* Information shown:
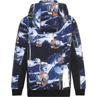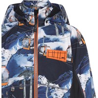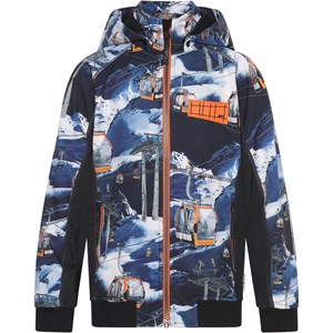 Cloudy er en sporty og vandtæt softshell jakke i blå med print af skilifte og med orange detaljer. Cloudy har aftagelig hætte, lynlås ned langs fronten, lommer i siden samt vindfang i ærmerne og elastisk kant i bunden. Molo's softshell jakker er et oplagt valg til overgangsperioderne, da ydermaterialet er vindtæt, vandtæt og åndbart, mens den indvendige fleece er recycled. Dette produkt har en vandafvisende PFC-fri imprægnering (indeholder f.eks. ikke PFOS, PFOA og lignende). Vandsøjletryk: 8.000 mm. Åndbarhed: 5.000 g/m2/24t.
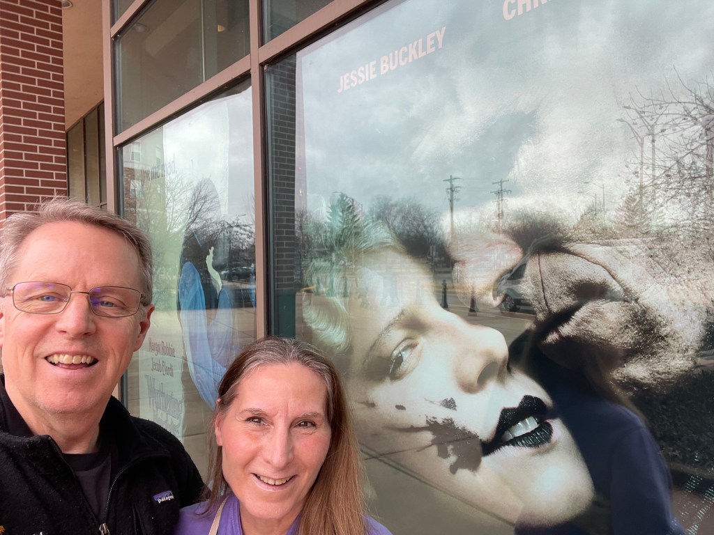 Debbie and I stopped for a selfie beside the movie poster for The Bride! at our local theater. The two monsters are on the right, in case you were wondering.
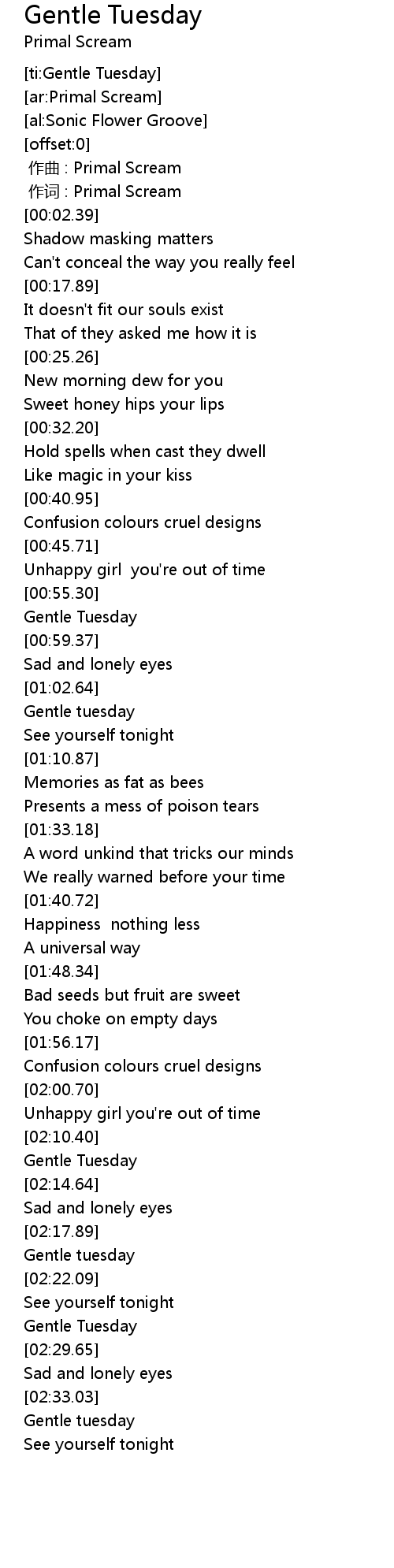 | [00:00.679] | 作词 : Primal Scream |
...
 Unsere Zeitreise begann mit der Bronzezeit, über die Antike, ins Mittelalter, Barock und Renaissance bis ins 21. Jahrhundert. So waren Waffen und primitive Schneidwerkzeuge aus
--
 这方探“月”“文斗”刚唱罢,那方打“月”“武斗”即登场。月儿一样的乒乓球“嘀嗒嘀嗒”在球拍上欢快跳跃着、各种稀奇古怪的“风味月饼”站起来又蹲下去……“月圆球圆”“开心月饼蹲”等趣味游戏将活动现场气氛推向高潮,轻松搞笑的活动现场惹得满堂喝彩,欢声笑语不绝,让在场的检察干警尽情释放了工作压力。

* What to do:
From the listing above, repeat only the lines between the line containing "Cloudy er en" and the line containing "Debbie and I", those two included. Pictures are not part of the copy.

* Exercise answer:
 Cloudy er en sporty og vandtæt softshell jakke i blå med print af skilifte og med orange detaljer. Cloudy har aftagelig hætte, lynlås ned langs fronten, lommer i siden samt vindfang i ærmerne og elastisk kant i bunden. Molo's softshell jakker er et oplagt valg til overgangsperioderne, da ydermaterialet er vindtæt, vandtæt og åndbart, mens den indvendige fleece er recycled. Dette produkt har en vandafvisende PFC-fri imprægnering (indeholder f.eks. ikke PFOS, PFOA og lignende). Vandsøjletryk: 8.000 mm. Åndbarhed: 5.000 g/m2/24t.
 Debbie and I stopped for a selfie beside the movie poster for The Bride! at our local theater. The two monsters are on the right, in case you were wondering.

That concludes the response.